Passo 3 – Cópia local usando o Git clone. No caso de ser uma sessão de trabalho de grupo, é possível fazer apenas um git clone local e todos os elementos acedem ao mesmo clone local. É óptimo sobretudo quando o repositório é grande.

  • Clicar “clone repository”
  • Usar comando: git clone git://gitorius.org/transparencia-porto/transparencia-porto.git

Principais comandos

  • git status – indica a estado do repositório
  • git add file – acrescenta ficheiro ao repositório localmente
  • History – guarda os ficheiros e toda a história de revisões
  • git commit – adiciona os repositório, ter o cuidado de pôr a info. Ex. git commit -m “Comentário entre aspas”
  • git diff – assinala as diferenças
  • git push origin master – vai buscar ficheiro que já existe no repositório

Tarefas várias

Ricardo – Colocou os textos das sessões parlamentares no Gitorius para se trabalhar. O volume é considerável 60MB. Para notificar erros detectados será criado um link na wiki, já que o Gitorious não tem Bug tracker.

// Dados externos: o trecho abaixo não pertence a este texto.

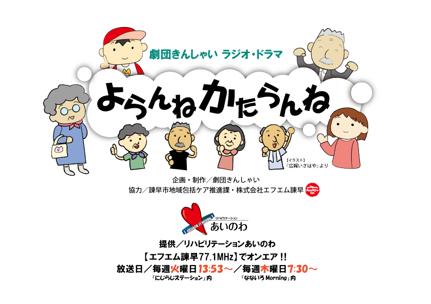 | 放送日時:毎週土曜日18:00〜18:15 アシスタント:河野律子 番組提供:社会福祉法人南高愛隣会 【番組内容】 地域に元気を。 同じ空の下、みんな生きている。みんなが生きている。地域に暮らす一人として、活気に満ちた地域づくりに貢献します。 |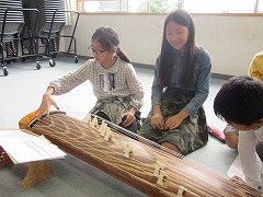 今日は、午前中に5年生が和楽器体験をしました。昨年もお世話になった3人の先生方に教えていただき、琴や尺八の生演奏を聞かせていただいたり、実際に琴を弾かせていただいたりしました。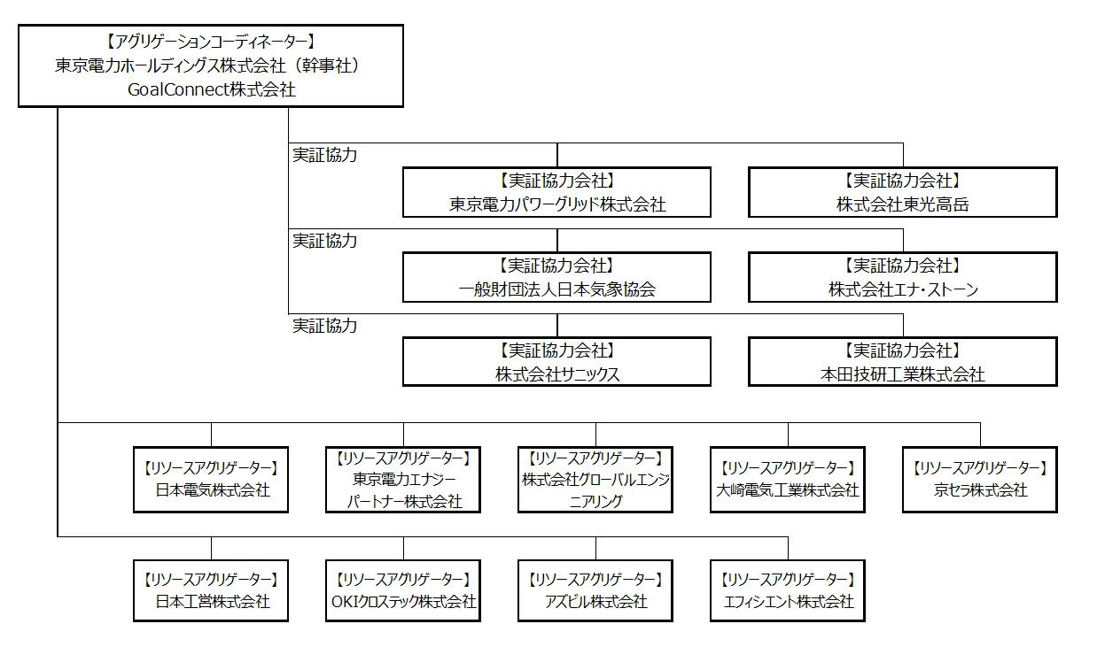 東京電力ホールディングス株式会社、Goal connect株式会社、株式会社エナ・ストーン、株式会社サニックス、東京電力パワーグリッド株式会社、株式会社東光高岳、一般財団法人日本気象協会、本田技研工業株式会社、OKIクロステック株式会社、京セラ株式会社、東京電力エナジーパートナー株式会社および日本電気株式会社を含む17社※1は、コンソーシアムを形成し、経済産業省が一般社団法人環境共創イニシアチブ(以下、「SII」)を通じて公募する実証事業「令和4年度 蓄電池等の分散型エネルギーリソース※2を活用した次世代技術構築実証事業費補助金(再エネ発電等のアグリゲーション技術実証事業のうち分散型エネルギーリソースの更なる活用に向けた実証事業)(以下、「分散型エネルギーリソース活用実証」)」に申請しておりました。
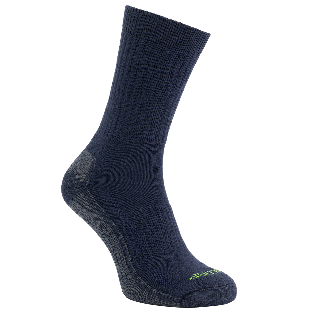 With the new Circular Work Socks from Tricorp you want to be on the move all day long! The comfortable terry footbed ensures optimal wearing comfort. You don't feel the toe seam. The reinforced heel and toe have been added for protection and a longer lifespan. A smart mix of recycled cotton, recycled polyester, polyamide and elastane makes the work sock work with you.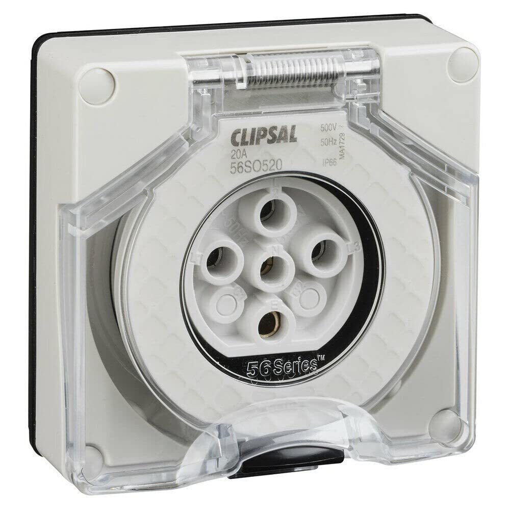 Clipsal 56 Series 500V 20A 5 Pin Round Less Enclosure Surface Socket Outlet is the most commonly used type of socket in domestic settings. Switched sockets are those with switches on which need to be switched on in order for the electrical supply to feed to your devices. With backed out captive screws, making it incredibly easy to install and to connect the wires. Socket has a lightly lacquered surface to reduce fingerprint marks, always maintaining its sleek profile.

Eduardo – Preparou a lista de links directos para os diários de república obtida com um script em python. Esse é um dos primeiros produtos do trabalho já realizado. O aspecto visual ainda não foi trabalhado, mas o conteúdo e a acessibilidade da solução já estão asseguradas.

Ana – Ocupou-se da criação da homepage para o projecto em Html com folha de estilos para começar a criar identidade e a “mostrar trabalho”. A ideia é colocar a homepage na raiz transparencia.hacklaviva.net, deslocando o blog para transparencia.hacklaviva.net/blog. Da sessão já resultou uma página muito simples que vai ter informação básica do projecto. Esse trabalho está no Gitorious, bem o svg usado, para quem desejar fazer experiências e propor alterações. Ainda vai ser trabalhado um logo.

Victor – No parlamento.pt obtém-se o dado de nº de deputados por legislatura de cada um dos partidos. Porque não existe uma coincidência numérica entre o nº de deputados realmente eleitos e os deputados que exercem, procurou-se junto da CNE (Comissão nacional de Eleições) informação complementar que desse maior consistência na análise dos números do Parlamento. Assim, começou-se por criar um ficheiro com os resultados detalhados das legislativas (não inclui as últimas eleições legislativas), algo relativamente simples, porque a CNE tem essa informação em Excel . De seguida, recorreu-se aos Mapa oficial das eleições (em pdf!) que listam nominalmente os deputados eleitos. O objectivo desta recolha é identificar do total dos deputados que exerceram aqueles que foram realmente eleitos.

Cláudia + Tiago – Confirmado o funcionamento do Node import para criação de nodes dos deputados a partir de um único csv. Os campos a incluir são todos os respeitantes ao deputado (id, nome, profissão, distritos, legislaturas, partidos, cargos exercidos). Os campos multivalor são separados por |.